Grossest Drinks of the world
Tuna Tears
A crying in your beer kinda night
The Asians were a force in our weirdest foods list and they bring it at the bar as well. Hank Williams sang about tears in his beers but I doubt he was slamming these in Seoul. Tuna Tears is a perfectly good glass of Korean rice wine but with a big ol tuna eyeball squished up in it. On the bright side, the collagen has anti wrinkle properties. On the downside, no one is going to get close to you if they see you drink this.
Three Penis Wine
The stiffest drink on the menu
China says tuna eyeballs are kid stuff. Instead they offer a wine made with three varieties of penis: deer, seal and dog. This concoction is a traditional treatment for men to enhance vitality. Or it was. With the introduction of Viagra, the makers of Three Penis Wine have truly hit hard times. The silver lining of the blue pills prevailing is there are now a lot of happy wives in China. And even happier deer, seals and dogs.

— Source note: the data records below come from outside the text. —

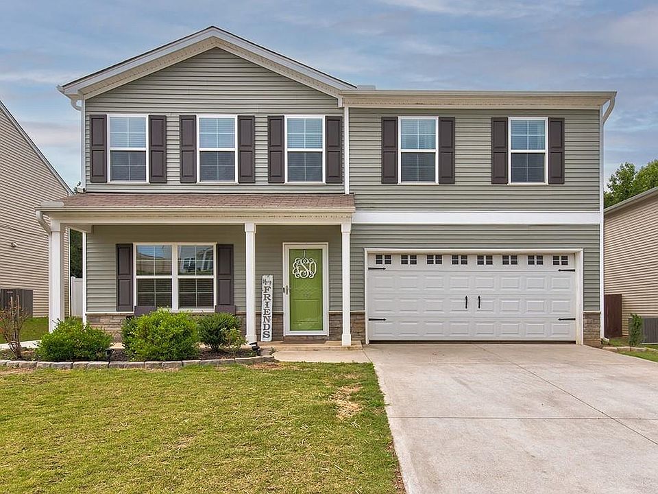 Spacious, like new 2 year old home wkith 4BR, 2.5BA, andbonus room. Step in to find beautiful LVP floors, den/office, formal dining room, open kitchen and great room freestanding fireplace(electric heater). Kitchen has granite counters, breakfast bar, smooth-top range, elec oven, built-in microwave. Upstairs you havethe huge master BR, walk-in closet, & BA w/ dual sink, granite counters, sep tub & shower. There's also an open loft. Backyard isfenced and overlooks the woods. Country feel, yet 15 minutes from dntn Spg, 10 minutes from 85, close to shopping and so muchmore. Come get this one before it's gone!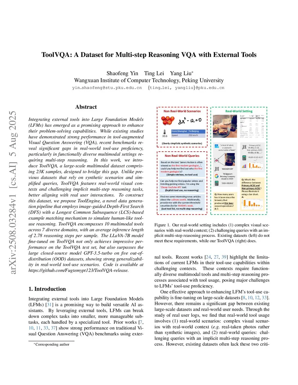 Integrating external tools into Large Foundation Models (LFMs) has emerged as a promising approach to enhance their problem-solving capabilities. While existing studies have demonstrated strong performance in tool-augmented Visual Question Answering (VQA), recent benchmarks reveal significant gaps in real-world tool-use proficiency, particularly in functionally diverse multimodal settings requiring multi-step reasoning. In this work, we introduce ToolVQA, a large-scale multimodal dataset comprising 23K instances, designed to bridge this gap. Unlike previous datasets that rely on synthetic scenarios and simplified queries, ToolVQA features real-world visual contexts and challenging implicit multi-step reasoning tasks, better aligning with real user interactions. To construct this dataset, we propose ToolEngine, a novel data generation pipeline that employs Depth-First Search (DFS) with a dynamic in-context example matching mechanism to simulate human-like tool-use reasoning. ToolVQA encompasses 10 multimodal tools across 7 diverse task domains, with an average inference length of 2.78 reasoning steps per instance. The fine-tuned 7B LFMs on ToolVQA not only achieve impressive performance on our test set but also surpass the large close-sourced model GPT-3.5-turbo on various out-of-distribution (OOD) datasets, demonstrating strong generalizability to real-world tool-use scenarios.
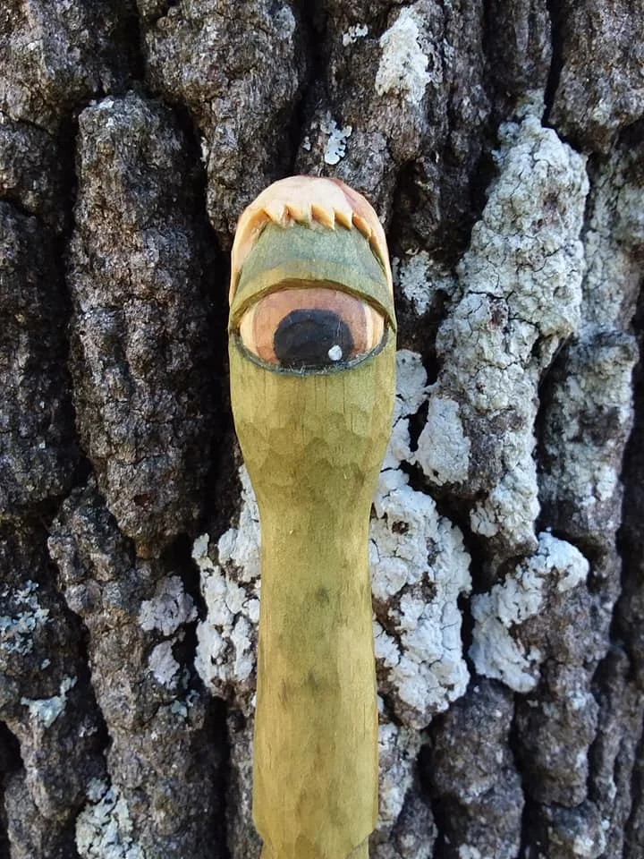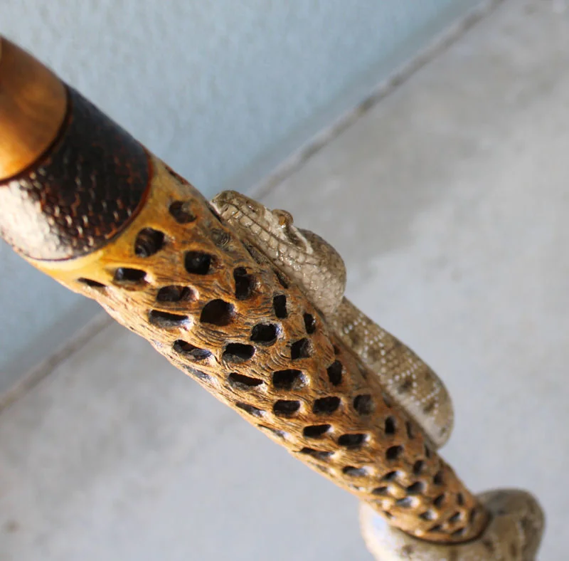 Carving a coiling serpent around the shaft of a walking stick introduces genuine drama — a sense that the stick is alive, that something primal has chosen to travel with you. Unlike a handle carving, which concentrates the eye at one end, the wrapped-animal technique distributes interest along the entire length, rewarding the viewer who takes time to turn the staff slowly in their hands.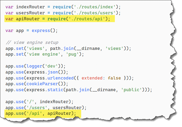 Next, we need to make this route reachable, so we add the API router details of the api.js to the app.js file.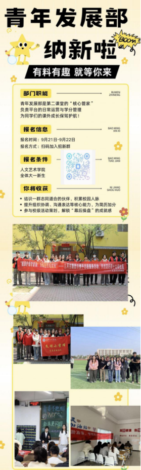 青年发展部是第二课堂的“核心管家”,负责平台的日常运营与学分管理,为同学们的课外成长保驾护航!主要工作包括:第二课堂管理:活动审核、发布、签到及数据维护,确保平台高效运行;学分统计:精准记录每位同学的实践学分,助力综合素质评定;活动支持:协助各类校园活动落地,见证第二课堂的精彩。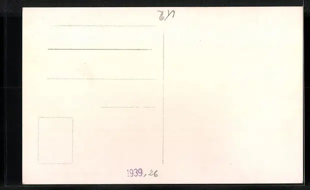Personenbezogene Daten auf der Rückseite der Karte wurden durch blauen Textmarker unkenntlich gemacht. Die blauen Stellen sind auf die Vorderseite durchgeweicht und wirken sich negativ auf das Postkartenfoto aus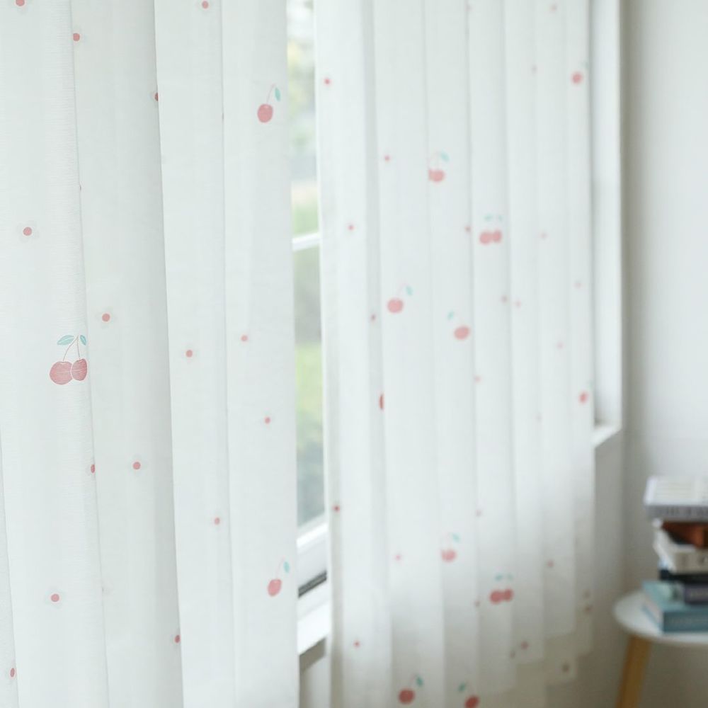 ポップで可愛いチェリーとお花をデザインしました。 リビングなどの大きな窓にはもちろん、小窓や出窓などの小さいサイズの窓にもチェリーの赤が良いアクセントになり、とても可愛く吊っていただけます。 赤系のドレープカーテンとの同色系統一コーディネートや、編みレースカーテンと合わせた、レトロ風コーディネートもおすすめです。 当店デザイナーによるオリジナル柄のため、VENIRC限定の特別なデザインです。 ご家庭での洗濯も可能なため、長く清潔にお使いいただけます。

grossest drinks of the world
Baby Mice Wine
Pairs well with cheese
Korea will not be outdone. I have no idea if the preceding Chinese concoction takes on the flavor of its enhancements and I hope never to find out. Disturbingly, one variety of vino that is in fact designed to retain the taste of its key ingredient is Baby Mice Wine. The little critters are fermented in rice wine for about a year so that the flavorful bouquet can age to perfection.

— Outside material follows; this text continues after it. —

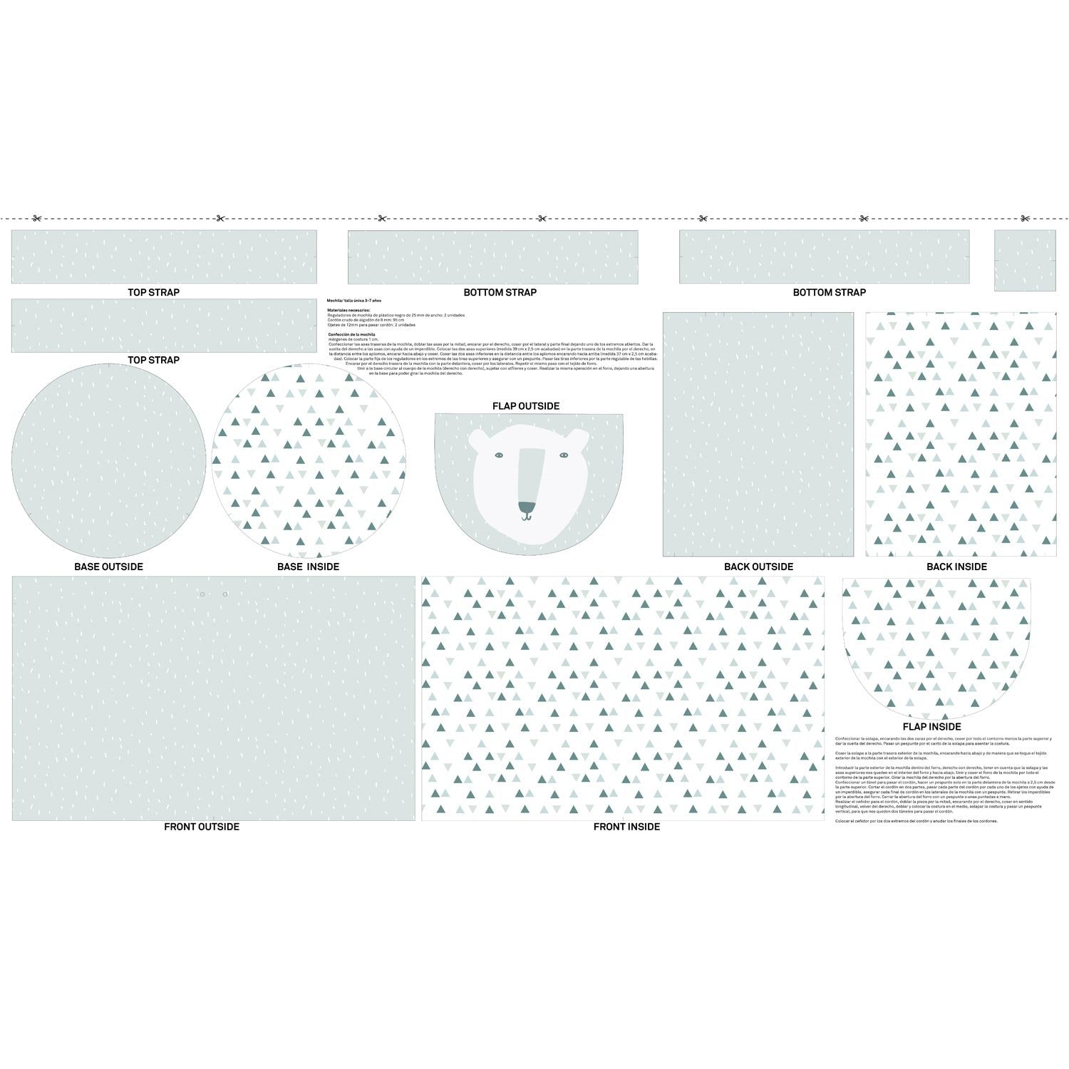 Un rucsac cu totul deosebit, cu un model simpatic, de ursuleț polar, care va deveni favoritul copilului tău - kit-ul de cusut POLAR BEAR conține o fâșie pre-imprimată de bumbac canvas, cu densitate mare, cu toate elementele-componente ale rucsacului, gata trasate pentru a fi decupate și cusute. Dimensiunea finală a rucsacului este de 33 cm inălțime, cu baza de 26 cm in diametru. Instrucțiunile de asamblare sunt imprimate direct pe stofă, dar pot fi descărcate gratuit cu variante in limbile engleză, spaniolă, germană, italiană, franceză și olandeză.

One sommelier’s review: A fleshy wine with impressive legs upon pour. Full bodied with backbone.
grossest drinks
Chicha
It takes a village
Are you phobic about sharing a straw or someone swigging from your bottle? If so, don’t try Chicha in Peru. This ancient beer begins with the locals chewing corn and spitting the mushy kernels into the brewing pot. (Thank goodness the other beverages listed here don’t involve such a process). The saliva is said to give it extra taste. Who needs beer with mountain spring water. That’s a marketing gimmick for people who want to swap spit after a night of drinking. They got it backwards.
grossest cocktails
Next time you tip one back and feel like making a face, think about what your brothers and sisters across the globe are guzzling. Step up and be bold when you belly up to far away bars. The locals know what’s best, so buy a round and drink with them. Make room on your bucket list for the 10 grossest drinks of the world…and keep that bucket by your barstool.